# Just another Fitness-Chick



## Cecilia (Jun 2, 2005)

Hey everyone...

Just kind of fumbled on to this site- and see lots of interesting info. I LOVE to weight train and challenge myself- so this seems like a good place to learn. I am currently trying to put on some muscle and do my first figure comp in the fall. I hope to learn a lot from you all!

xoxo


----------



## Cris2Blis (Jun 2, 2005)

woo hoo, another fitness chick!!  You'll find a ton of great info. here, welcome!!


----------



## Arnold (Jun 2, 2005)

Cecilia welcome to IM!


----------



## asiansensation (Jun 2, 2005)

Welcome! You surely have found a great bodybuilding/fitness site . We are all learning from each other.


----------



## Dale Mabry (Jun 2, 2005)

asiansensation said:
			
		

> Welcome! You surely have found a great bodybuilding/fitness site . We are all learning from each other.



What do we learn from Vieope?  

Welcome C.


----------



## Todd_ (Jun 2, 2005)

whats up, im the leader of this forum

sent me your topless pics first


----------



## Goodfella9783 (Jun 2, 2005)

Todd_ said:
			
		

> whats up, im the leader of this forum
> 
> sent me your topless pics first


Grow up.

Welcome Cecilia


----------



## NewSpawn (Jun 2, 2005)

*Welcome*

you'll find a lot of good stuff here. hope you reach all your goals you set and more.


----------



## Cris2Blis (Jun 2, 2005)

Todd_ said:
			
		

> whats up, im the leader of this forum
> 
> sent me your topless pics first


don't be an embarassment to the other guys on the board.   and good luck being single your whole life.


----------



## Todd_ (Jun 2, 2005)

Cris2Blis said:
			
		

> don't be an embarassment to the other guys on the board.   and good luck being single your whole life.



good luck finding the love of your life online loser


----------



## Cris2Blis (Jun 2, 2005)

i'm a female... and i've found him, don't worry.


----------



## Todd_ (Jun 2, 2005)

Cris2Blis said:
			
		

> i'm a female... and i've found him, don't worry.



im very proud of you! 

which fine southern state are you from anyway? I bet you two are a pair of winners. 
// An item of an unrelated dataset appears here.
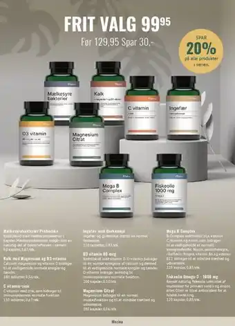 Prisen på Frit valg kan findes øverst på siden sammen med datoerne, hvor tilbuddet er tilgængeligt. Du kan også kigge på prisen i den nuværende Helsam tilbudsavis eller på Helsams hjemmeside. Kampagnetilbud sikrer, at du køber Helsams varer til den laveste pris.
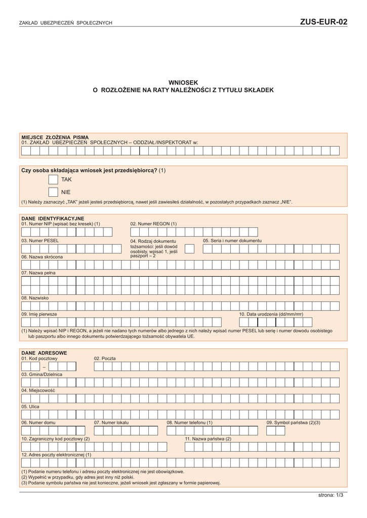 ZUS-EUR-02 ZAKŁAD UBEZPIECZEŃ SPOŁECZNYCH WNIOSEK O ROZŁOŻENIE NA RATY NALEŻNOŚCI Z TYTUŁU SKŁADEK MIEJSCE ZŁOŻENIA PISMA 01. ZAKŁAD UBEZPIECZEŃ SPOŁECZNYCH – ODDZIAŁ /INSPEKTORAT w: Czy osoba składająca wniosek jest przedsiębiorcą? (1) TAK NIE (1) Należy zaznaczyć „TAK” jeżeli jesteś przedsiębiorcą, nawet jeśli zawiesiłeś działalność, w pozostałych przypadkach zaznacz „NIE”. DANE IDENTYFIKACYJNE 01. Numer NIP (wpisać bez kresek) (1) 02. Numer REGON (1) 03. Numer PESEL 04. Rodzaj dokumentu tożsamości: jeśli dowód osobisty, wpisać 1, jeśli paszport – 2 06. Nazwa skrócona 05. Seria i numer dokumentu 07. Nazwa pełna 08. Nazwisko 09. Imię pierwsze 10. Data urodzenia (dd/mm/rrrr) (1) Należy wpisać NIP i REGON, a jeżeli nie nadano tych numerów albo jednego z nich należy wpisać numer PESEL lub serię i numer dowodu osobistego lub paszportu albo innego dokumentu potwierdzającego tożsamość obywatela UE. DANE ADRESOWE 01. Kod pocztowy 02. Poczta – 03. Gmina/Dzielnica 04. Miejscowość 05. Ulica 06. Numer domu 10. Zagraniczny kod pocztowy (2) 07. Numer lokalu 08. Numer telefonu (1) 09. Symbol państwa (2)(3) 11. Nazwa państwa (2) 12. Adres poczty elektronicznej (1) (1) Podanie numeru telefonu i adresu poczty elektronicznej nie jest obowiązkowe. (2) Wypełnić w przypadku, gdy adres jest inny niż polski. (3) Podanie symbolu państwa nie jest konieczne, jeżeli wniosek jest zgłaszany w formie papierowej. strona: 1/3 ZUS-EUR-02 ZAKŁAD UBEZPIECZEŃ SPOŁECZNYCH I. TREŚĆ WNIOSKU Zwracam się z wnioskiem o rozłożenie na raty należności z tytułu składek: (1) całości zadłużenia z tytułu składek (2) należności z tytułu składek na: (3) ubezpieczenie społeczne za okres do 31.12.1998 r. w kwocie zł w kwocie zł w kwocie zł w kwocie zł w kwocie zł w kwocie zł za okres Fundusz Ubezpieczeń Społecznych za okres ubezpieczenie zdrowotne za okres Fundusz Pracy za okres Fundusz Gwarantowanych Świadczeń Pracowniczych za okres Fundusz Emerytur Pomostowych za okres w ramach pomocy: (4) de minimis indywidualnej przeznaczonej na restrukturyzację indywidualnej przeznaczonej na naprawę szkód wyrządzonych przez klęski żywiołowe lub inne nadzwyczajne zdarzenia. (1) Należy zaznaczyć właściwy kwadrat wpisując „X”. (2) Nieopłaconych należności z tytułu składek, tj.: składek, odsetek za zwłokę, kosztów upomnienia oraz dodatkowej opłaty. (3) Należy wskazać właściwy/e fundusz/e. (4) Należy zaznaczyć właściwy kwadrat jeżeli jesteś przedsiębiorcą, nawet jeśli zawiesiłeś działalność, w pozostałych przypadkach pozostaw niezaznaczone. II. UZASADNIENIE Przyczyny braku możliwości jednorazowego uregulowania należności, możliwości płatnicze wnioskodawcy oraz proponowane formy zabezpieczenia należności: ............................................................................................................................... ............................................................................................................................... ............................................................................................................................... ............................................................................................................................... ............................................................................................................................... ............................................................................................................................... ............................................................................................................................... ............................................................................................................................... ............................................................................................................................... ............................................................................................................................... ............................................................................................................................... ............................................................................................................................... ............................................................................................................................... ............................................................................................................................... ............................................................................................................................... Przyczyny powstania zadłużenia: ............................................................................................................................... ............................................................................................................................... ............................................................................................................................... strona: 2/3 ZUS-EUR-02 ZAKŁAD UBEZPIECZEŃ SPOŁECZNYCH III. PROPONOWANE WARUNKI SPŁATY: Ilość rat Termin płatności rat (1) Kwota miesięcznej raty zł (1) Należy wskazać właściwy dzień miesiąca w okresie od 1 do 20 dnia miesiąca IV. FORMA OPODATKOWANIA (dotyczy zeznań podatkowych składanych w ciągu ostatnich trzech lat oraz w roku bieżącym) r. r. r. r. Pełna księgowość Pełna księgowość Pełna księgowość Pełna księgowość Zasady ogólne Zasady ogólne Zasady ogólne Zasady ogólne Podatek liniowy Podatek liniowy Podatek liniowy Podatek liniowy Karta podatkowa Karta podatkowa Karta podatkowa Karta podatkowa Ryczałt od przychodów Ryczałt od przychodów Ryczałt od przychodów Ryczałt od przychodów Nie dotyczy Nie dotyczy Nie dotyczy Nie dotyczy V. ZAŁĄCZNIKI Załą

and I find it humorous that you assume I am single due to the fun I have online.


----------



## b_reed23 (Jun 2, 2005)

Welcome!!!!


----------



## Vieope (Jun 7, 2005)

Dale Mabry said:
			
		

> What do we learn from Vieope?
> 
> Welcome C.



_http://www.ironmagazineforums.com/showpost.php?p=1012139&postcount=24_


----------



## Cecilia (Jun 8, 2005)

Thanks for the entertaining welcome!


----------



## Cris2Blis (Jun 8, 2005)

what are your goals? what is your current workout plan? still doing the comp in the fall? sorry, lots of Q's!!


----------



## Cecilia (Jun 8, 2005)

Hey Cris...
My goals -are to put on a few lbs of muscle- and cut back the fat. For the next 6 weeks- my plan is to bring my BF down a tad- then after the 6 weeks of cutting, I will enter a mass gain period and see how that goes.

To cut- I am going to do a 4-day split with 6 days of cardio. When I start my mass gain- I am considering either Dual Factor Training- or an Escalated Density Program. I just read about DFT- but I have a friend who is a female BB who had FANTASTIC results doing EDT. Have you tried either? I am on the shorter side- 5'2" and have a body type that LOVES to put on muscle.... so I think as long as I truly challenge myself and eat the right things, I should do well.

OH and YES- I am planning on competing this fall!  My first Figure comp. How about you? Do you compete? What are your current goals?

xoxo


----------